Fun facts:
Water ice doesn't absorb a lot of light in the visible; pure water ice is almost entirely transparent, although with slightly stronger absorption in the red (hence why very large amounts of mostly pure ice, such as glacial ice, has blue shading). What makes water ice much more visible comes from light scattering off impurities, air bubbles, or cracks (e.g. why ice cubes are sometimes clear and sometimes white, despite both being water ice).

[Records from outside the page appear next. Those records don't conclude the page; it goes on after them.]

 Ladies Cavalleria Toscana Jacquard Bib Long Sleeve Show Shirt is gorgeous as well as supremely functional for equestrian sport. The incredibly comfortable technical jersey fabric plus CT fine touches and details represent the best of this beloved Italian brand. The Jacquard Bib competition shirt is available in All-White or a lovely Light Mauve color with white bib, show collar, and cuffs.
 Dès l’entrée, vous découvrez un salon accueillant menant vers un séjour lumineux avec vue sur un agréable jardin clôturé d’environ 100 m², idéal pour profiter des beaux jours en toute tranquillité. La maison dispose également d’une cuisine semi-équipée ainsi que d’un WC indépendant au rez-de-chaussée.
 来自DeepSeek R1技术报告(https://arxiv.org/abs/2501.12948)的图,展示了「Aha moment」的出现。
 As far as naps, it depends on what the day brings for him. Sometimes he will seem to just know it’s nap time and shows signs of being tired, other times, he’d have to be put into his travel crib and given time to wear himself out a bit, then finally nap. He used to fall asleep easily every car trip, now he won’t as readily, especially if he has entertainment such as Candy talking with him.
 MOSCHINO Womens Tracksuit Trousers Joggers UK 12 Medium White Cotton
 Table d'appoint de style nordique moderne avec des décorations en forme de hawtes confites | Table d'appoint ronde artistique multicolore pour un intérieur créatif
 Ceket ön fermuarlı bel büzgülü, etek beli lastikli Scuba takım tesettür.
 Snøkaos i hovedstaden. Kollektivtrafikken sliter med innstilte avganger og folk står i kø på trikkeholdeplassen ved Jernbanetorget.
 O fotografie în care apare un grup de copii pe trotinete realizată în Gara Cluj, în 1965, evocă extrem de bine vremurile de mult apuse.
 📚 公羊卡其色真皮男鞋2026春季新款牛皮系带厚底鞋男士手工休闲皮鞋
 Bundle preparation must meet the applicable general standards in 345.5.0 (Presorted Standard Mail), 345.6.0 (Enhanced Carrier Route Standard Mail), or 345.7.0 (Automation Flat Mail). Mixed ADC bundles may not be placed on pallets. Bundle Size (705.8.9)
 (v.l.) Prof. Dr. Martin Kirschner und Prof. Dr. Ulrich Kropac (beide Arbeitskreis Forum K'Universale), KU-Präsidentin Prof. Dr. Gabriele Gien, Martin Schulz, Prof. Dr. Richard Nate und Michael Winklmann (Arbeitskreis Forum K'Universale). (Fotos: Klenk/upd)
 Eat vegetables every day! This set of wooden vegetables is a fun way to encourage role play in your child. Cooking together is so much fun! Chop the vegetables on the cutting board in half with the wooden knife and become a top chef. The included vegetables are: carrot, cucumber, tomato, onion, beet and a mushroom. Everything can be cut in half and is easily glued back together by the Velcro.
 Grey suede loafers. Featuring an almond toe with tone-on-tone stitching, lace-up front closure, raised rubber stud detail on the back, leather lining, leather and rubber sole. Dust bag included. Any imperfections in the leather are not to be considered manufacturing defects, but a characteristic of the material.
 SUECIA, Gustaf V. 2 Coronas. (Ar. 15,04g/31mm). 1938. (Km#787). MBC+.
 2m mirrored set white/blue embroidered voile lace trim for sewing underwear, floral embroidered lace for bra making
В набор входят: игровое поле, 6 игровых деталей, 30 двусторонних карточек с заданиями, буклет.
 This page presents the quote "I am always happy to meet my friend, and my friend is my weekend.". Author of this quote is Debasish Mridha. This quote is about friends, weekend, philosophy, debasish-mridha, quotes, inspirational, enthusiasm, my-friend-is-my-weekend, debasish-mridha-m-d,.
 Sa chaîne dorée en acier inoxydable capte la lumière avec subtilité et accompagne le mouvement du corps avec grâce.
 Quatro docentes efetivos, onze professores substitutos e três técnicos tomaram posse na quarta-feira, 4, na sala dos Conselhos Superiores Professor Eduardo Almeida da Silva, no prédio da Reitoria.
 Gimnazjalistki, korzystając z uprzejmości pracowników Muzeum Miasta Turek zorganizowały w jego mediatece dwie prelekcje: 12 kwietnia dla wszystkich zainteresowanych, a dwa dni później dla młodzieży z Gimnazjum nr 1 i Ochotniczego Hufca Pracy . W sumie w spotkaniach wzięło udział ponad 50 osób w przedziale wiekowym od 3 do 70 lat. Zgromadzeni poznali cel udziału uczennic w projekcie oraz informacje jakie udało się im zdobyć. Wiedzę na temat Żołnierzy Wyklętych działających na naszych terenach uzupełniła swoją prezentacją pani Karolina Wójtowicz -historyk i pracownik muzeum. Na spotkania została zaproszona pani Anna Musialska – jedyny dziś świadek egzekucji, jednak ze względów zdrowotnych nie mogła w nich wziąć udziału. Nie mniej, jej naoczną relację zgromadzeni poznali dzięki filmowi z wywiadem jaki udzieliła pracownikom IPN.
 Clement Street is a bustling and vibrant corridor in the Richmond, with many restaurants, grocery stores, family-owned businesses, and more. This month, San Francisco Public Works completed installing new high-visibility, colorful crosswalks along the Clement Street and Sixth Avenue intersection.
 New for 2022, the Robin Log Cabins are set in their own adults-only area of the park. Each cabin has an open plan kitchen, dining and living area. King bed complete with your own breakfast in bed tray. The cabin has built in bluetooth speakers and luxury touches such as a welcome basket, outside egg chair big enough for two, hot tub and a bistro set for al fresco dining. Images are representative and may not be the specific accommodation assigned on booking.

It gets more interesting in the near-ultraviolet; between 200 and 400 nm, water ice is so transparent that we literally cannot measure the amount of light it absorbs. Even using deep boreholes in ultra-pure Antarctic ice, any loss of transparency is apparently dominated by scattering off impurities at levels of parts-per-billion. At the wavelength where absorption is lowest (~390 nm), our best estimate is that the mean free path of a photon in pure ice is over a kilometer; this makes water ice in the near-UV the most transparent solid known.
From Warren and Brandt (2008), and in comparison to an earlier compilation by Warren (1984).
The imaginary index of refraction on the y-axis is a measure of how strongly a material absorbs light. The higher up on the graph, the stronger the absorption (and note that this is a logarithmic scale).
In the near-UV (200-400 nm), water ice absorbs light so weakly that they just omit the data entirely here.
"We leave a gap in the compilation between 200 and 390 nm (Figure 1). In this domain, mim < 2 x 10-11 . For most applications this extremely low value of mim, indicating an absorption length ka-1= 1.5 km at wavelength = 390 nm, will be indistinguishable from zero."